INSTRUCTIONS FOR THE TASK |
Please repeat, exactly as written, every line from the one containing "121207120/2 | 查看詳情 |" through the last line of the records, both included, and leave out any pictures.

Source records

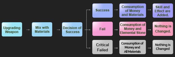 ※ Mixing with rare materials only can be done when the weapon is reached 2nd level.
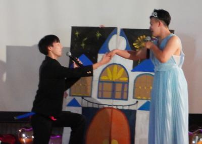 体育館では腕相撲大会、カラオケ大会、14Hによるコメディ劇場「白雪姫」が行われました。
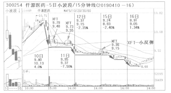 (3)分钟线分析:这里只看从10.71元跌到8.68元的下跌过程。整个走势就是一种横盘+下跌的形态。有价值的操作机会也就3次,11日的小幅反弹两次,12日到15日小幅反弹一次。
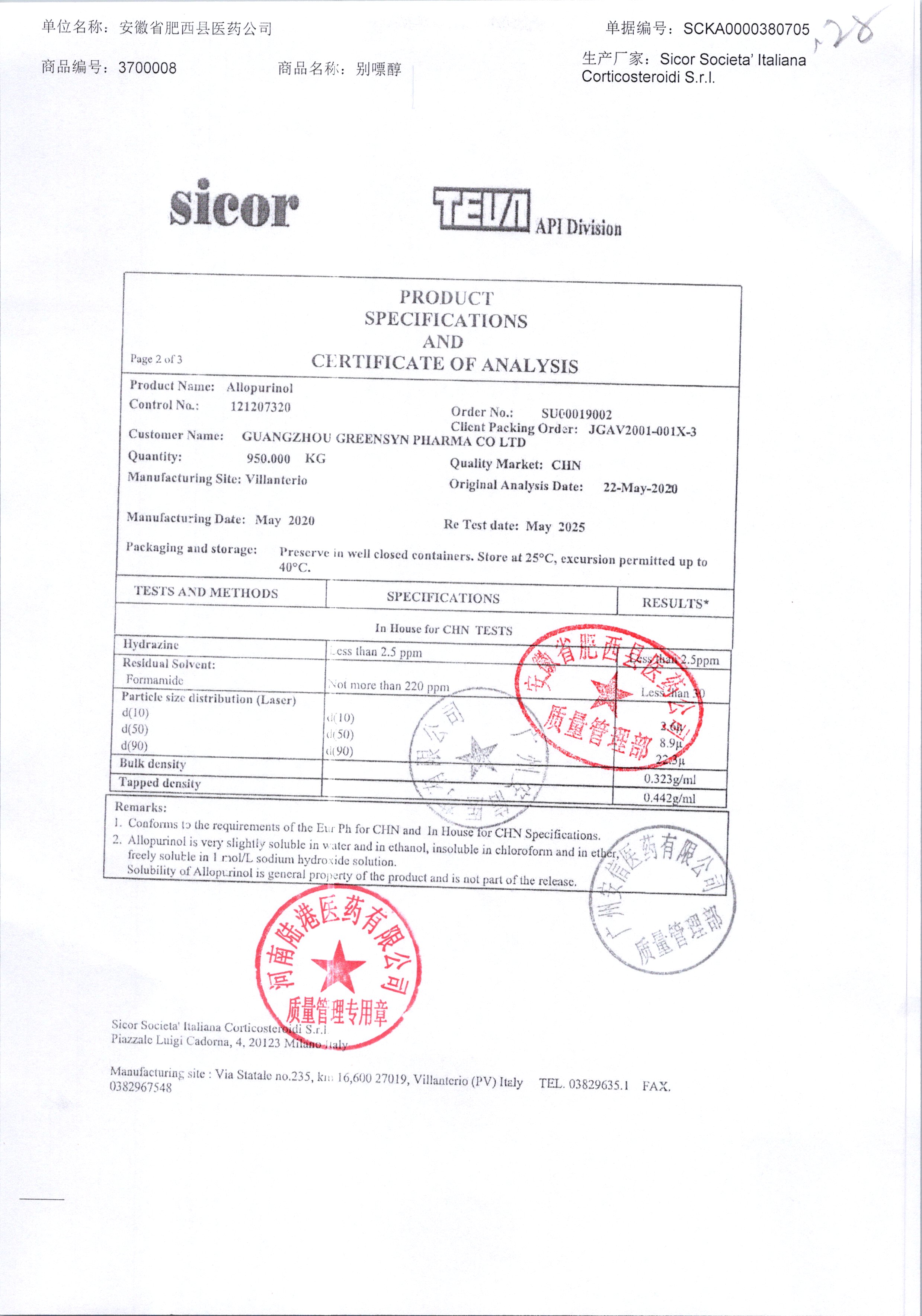 | 別嘌醇 | 25kg | 121207120/2 | 查看詳情 |
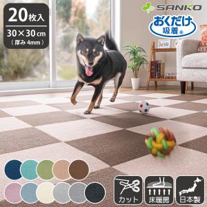 送料別¥4,980楽天市場タイルカーペット 30×30cm 同色20枚入 厚み4mm ジョイントマット マット ラグ 洗える 撥水 置くだけ 吸着 ズレない 床暖房対応 子供 ペット フローリング 犬 イヌ ワンちゃん 猫 ネコ ネコちゃん 滑らない 負担軽減 サンコー
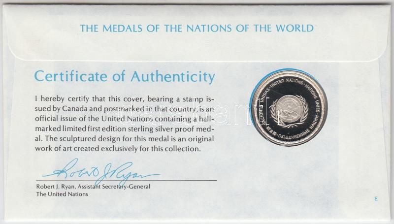 United Nations 1976. "The Medals of the Nations of the World - Canada" Ag medallion (15g/0.925/32mm) coin letter with first day of issue stamp and certificate C:PP
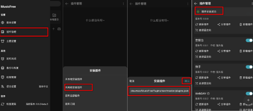 【设置】→【插件管理】→点击右下方加号→【从网络安装插件】→输入音源地址→【确定】
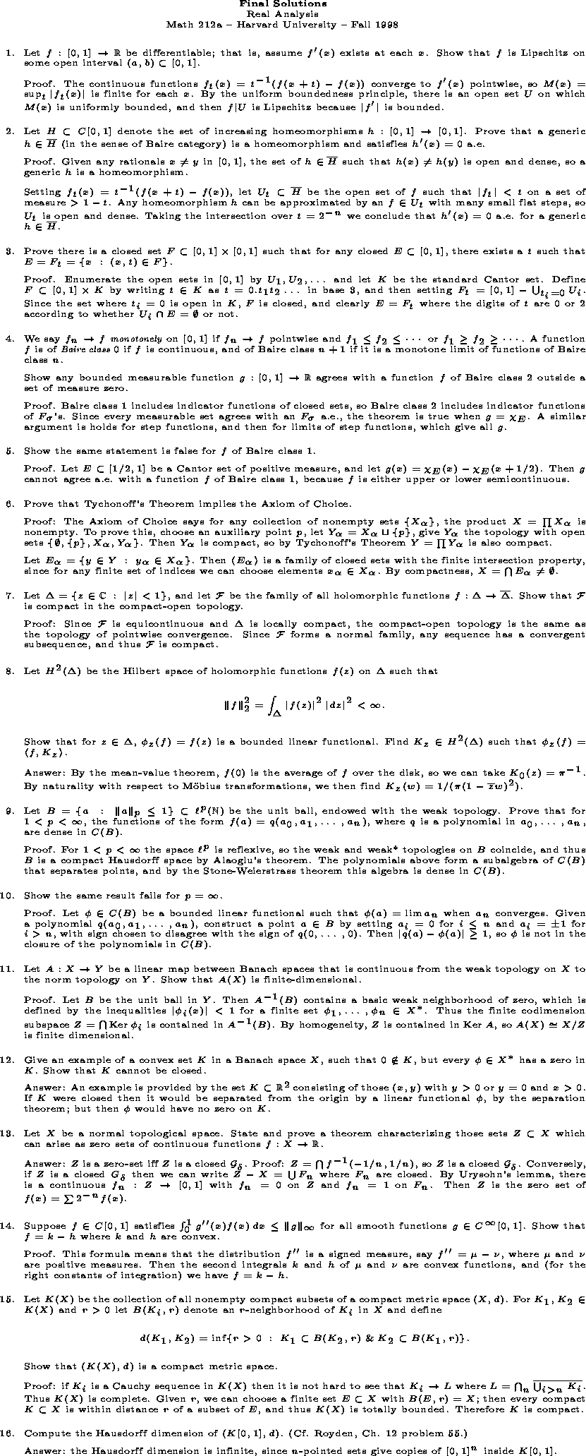 Math 212a - Harvard University - Fall 1998

COMPLETED EXERCISE |
 | 別嘌醇 | 25kg | 121207120/2 | 查看詳情 |
 送料別¥4,980楽天市場タイルカーペット 30×30cm 同色20枚入 厚み4mm ジョイントマット マット ラグ 洗える 撥水 置くだけ 吸着 ズレない 床暖房対応 子供 ペット フローリング 犬 イヌ ワンちゃん 猫 ネコ ネコちゃん 滑らない 負担軽減 サンコー
 United Nations 1976. "The Medals of the Nations of the World - Canada" Ag medallion (15g/0.925/32mm) coin letter with first day of issue stamp and certificate C:PP
 【设置】→【插件管理】→点击右下方加号→【从网络安装插件】→输入音源地址→【确定】
 Math 212a - Harvard University - Fall 1998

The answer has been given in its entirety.